Japanese Art, Honda Shoryu, Eskenazi, London

Price: $12,000

Contemporary Japanese basket sculptors had a moment in the sun in December when Christie’s London brought the late Victoria, Lady de Rothschild’s collection to the block. All the baskets went on to sell above their high estimates, a sure sign that the market for these objects is heating up. Most notably, Honda Shoryu’s 2001 work Galaxy (Seiun)—with its almost gravity-defying structure—went, with fees, for three times its high estimate of £6,000. An opportunity to acquire another great work from the modern Japanese master presents itself this month at the Mayfair gallery Eskenazi.
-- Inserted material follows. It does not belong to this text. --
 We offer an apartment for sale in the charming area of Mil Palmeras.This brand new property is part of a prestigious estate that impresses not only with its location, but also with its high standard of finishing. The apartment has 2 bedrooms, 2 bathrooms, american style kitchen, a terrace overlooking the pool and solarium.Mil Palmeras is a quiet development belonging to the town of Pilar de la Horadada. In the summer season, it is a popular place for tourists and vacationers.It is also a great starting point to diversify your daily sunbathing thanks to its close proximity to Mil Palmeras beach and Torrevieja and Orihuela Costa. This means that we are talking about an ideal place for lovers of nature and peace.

In the Air (Sora) (2018) captures Shoryu’s parallel gracefulness and grandness; the defining style of an artist that has seen his work snapped up by major institutions such as the Metropolitan Museum of Art in New York.

© Christie’s

Marc Chagall, Le peintre et les mariés aux trois couleurs (1984)
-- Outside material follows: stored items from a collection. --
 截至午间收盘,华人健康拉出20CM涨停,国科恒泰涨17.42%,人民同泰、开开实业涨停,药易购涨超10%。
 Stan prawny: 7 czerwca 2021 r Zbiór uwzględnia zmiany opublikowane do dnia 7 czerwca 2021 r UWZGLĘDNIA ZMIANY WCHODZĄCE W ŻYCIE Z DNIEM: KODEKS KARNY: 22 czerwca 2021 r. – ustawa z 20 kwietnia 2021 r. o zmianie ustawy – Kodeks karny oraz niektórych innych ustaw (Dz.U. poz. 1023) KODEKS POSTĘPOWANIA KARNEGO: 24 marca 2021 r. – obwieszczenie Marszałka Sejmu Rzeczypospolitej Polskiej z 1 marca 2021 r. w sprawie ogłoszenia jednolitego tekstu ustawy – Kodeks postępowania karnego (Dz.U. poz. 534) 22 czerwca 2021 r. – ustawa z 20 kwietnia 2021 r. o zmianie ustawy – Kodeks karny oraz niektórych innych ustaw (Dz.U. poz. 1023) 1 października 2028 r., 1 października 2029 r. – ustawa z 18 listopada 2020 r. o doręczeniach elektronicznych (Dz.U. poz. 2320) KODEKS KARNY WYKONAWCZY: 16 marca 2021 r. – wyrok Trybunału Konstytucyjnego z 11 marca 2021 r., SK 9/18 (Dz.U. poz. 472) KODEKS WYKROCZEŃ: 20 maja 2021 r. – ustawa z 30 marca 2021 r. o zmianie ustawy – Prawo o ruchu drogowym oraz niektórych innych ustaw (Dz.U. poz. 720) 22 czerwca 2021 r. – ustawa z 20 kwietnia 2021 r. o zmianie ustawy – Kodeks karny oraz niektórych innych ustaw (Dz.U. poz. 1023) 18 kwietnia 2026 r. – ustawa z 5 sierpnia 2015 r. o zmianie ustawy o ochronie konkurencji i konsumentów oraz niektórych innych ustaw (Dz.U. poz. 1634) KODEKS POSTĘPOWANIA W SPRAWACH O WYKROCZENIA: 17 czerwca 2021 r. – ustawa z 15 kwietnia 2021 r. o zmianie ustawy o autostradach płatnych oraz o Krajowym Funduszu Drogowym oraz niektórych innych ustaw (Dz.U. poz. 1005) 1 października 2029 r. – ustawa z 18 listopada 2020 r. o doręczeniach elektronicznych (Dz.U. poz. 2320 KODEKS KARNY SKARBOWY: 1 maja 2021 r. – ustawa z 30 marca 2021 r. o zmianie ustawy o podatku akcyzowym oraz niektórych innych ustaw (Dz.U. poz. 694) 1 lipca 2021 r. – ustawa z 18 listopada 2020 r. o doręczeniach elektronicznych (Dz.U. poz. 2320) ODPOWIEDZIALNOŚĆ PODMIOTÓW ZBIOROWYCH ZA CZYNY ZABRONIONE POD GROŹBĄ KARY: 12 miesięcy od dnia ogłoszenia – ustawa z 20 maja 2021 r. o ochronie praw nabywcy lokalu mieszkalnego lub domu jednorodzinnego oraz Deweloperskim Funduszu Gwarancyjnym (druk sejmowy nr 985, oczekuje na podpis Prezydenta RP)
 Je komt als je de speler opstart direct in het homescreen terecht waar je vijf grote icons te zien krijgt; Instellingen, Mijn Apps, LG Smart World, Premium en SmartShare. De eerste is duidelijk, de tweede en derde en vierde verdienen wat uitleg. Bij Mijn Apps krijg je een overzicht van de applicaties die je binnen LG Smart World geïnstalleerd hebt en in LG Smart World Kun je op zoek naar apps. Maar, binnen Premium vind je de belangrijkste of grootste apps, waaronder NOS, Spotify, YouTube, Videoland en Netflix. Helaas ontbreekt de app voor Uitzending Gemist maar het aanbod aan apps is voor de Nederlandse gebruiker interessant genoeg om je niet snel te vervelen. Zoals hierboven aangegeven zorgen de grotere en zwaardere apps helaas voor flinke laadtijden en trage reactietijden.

Marc Chagall: Works Formerly from the Artist’s Estate, Christie’s, London, 28 June

Estimate: £1m-£1.5m

It is undeniable that Marc Chagall’s star is in the ascendancy. The high point to date was in 2017 when Sotheby’s sold his Les Amoureux (1928) for a record $28.5m. Following a smattering of successful sales earlier this year, including several lots at Sotheby’s in Hong Kong, Christie’s have gone all out, dedicating two entire sales to the modernist artist this month. Created during a period of experimentation with Fauvism, Le peintre et les mariés aux trois couleurs (1984), which goes under the hammer in London on 28 June, captures one of Chagall’s most touching, fragile subjects—marriage. Though likely a painting depicting his second marriage, it is complementary to Les mariés de la Tour Eiffel (1938-39), dedicated to his first wife, Bella, which is in the collection of the Centre Pompidou in Paris.

Ketterer Kunst

Brücke Painters—Hermann Gerlinger Collection, Ketterer Kunst, Munich, 10 June

Estimate: €200,000-€300,000

This month, Ketterer Kunst will begin auctioning off the collection of German engineer and art collector Hermann Gerlinger. The collection, one of the largest of German Brücke works in the world, will be released over the course of three years. Gerlinger is believed to have begun collecting as a student in the 1950s, acquiring an extensive catalogue of Expressionist works by artists such as Ernst Ludwig Kirchner and Erich Hekel. Kirchner’s work on paper, Selbstbildnis mit Modell (self-portrait with model), heads to the block on 10 June. With its dynamic use of colour and playful elegance, this sketch represents a museum-grade Expressionist work. Indeed, the Gerlinger collection comes to auction after going on show at Schloss Gottorf, Kunstmuseum Moritzburg and the Buchheim Museum.